Since early this year, US officials — including then-US National Security Council senior director for Asian Affairs Matt Pottinger, who has been promoted to deputy national security adviser, and US Secretary of State Mike Pompeo — have been intensively lobbying Taiwan’s South Pacific allies to maintain formal diplomatic relations with Taiwan.
Even though the South Pacific has been a strategic maritime space controlled by the US and its allies since World War II, Beijing’s “dollar diplomacy” has won the day and snatched Taiwan’s allies away, challenging the US’ advantage in the region.
China has mapped out long-term strategies for expansion in not only the Asia-Pacific region, but also Latin America, which has long been regarded as the US’ backyard. Xi’s Belt and Road Initiative accelerates China’s expansion in these areas.
Due to the inertia of former US presidents, China has since the turn of the century been making inroads into Latin America through investment, economic and trade cooperation, the formation of alliances and the establishment of military bases.
Chinese banks have become major providers of loans, and Beijing plans to build 60 ports in the region, which would not only facilitate trade, but also increase China’s military and strategic presence.

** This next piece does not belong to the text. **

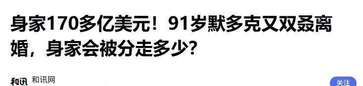 和讯网 2022-08-12——身家170多亿好意思元!91岁默多克又双叒离异,身家会被分走几许?

The stable door can still be secured, as the horse has not yet bolted. The US government must squarely face the various challenges posed by China and adopt countermeasures.
While Trump has repeatedly used the phrase “peace through strength,” paying lip service alone will not win the day. The US must promptly fulfill its commitments and boldly contain China’s hegemony.
The most pressing task for the US government is to set an example for other nations to follow by establishing official relations with Taiwan.
This would enhance the effectiveness of its argument when lobbying for Taiwan’s allies to remain strong against China. It would also make it easier for Japan, India, Australia and many other democratic nations to form normal relations with Taiwan.
The US government considers Taiwan a reliable partner, and Minister of Foreign Affairs Joseph Wu (吳釗燮) has said that Taiwan-US relations are the best they have been in 40 years. Nevertheless, the US should rethink its approach. Washington should invite Wu to pay official visits rather than grounding him for fear of provoking Beijing.
Parris Chang is a former deputy secretary-general of the National Security Council and a professor emeritus of political science at Pennsylvania State University.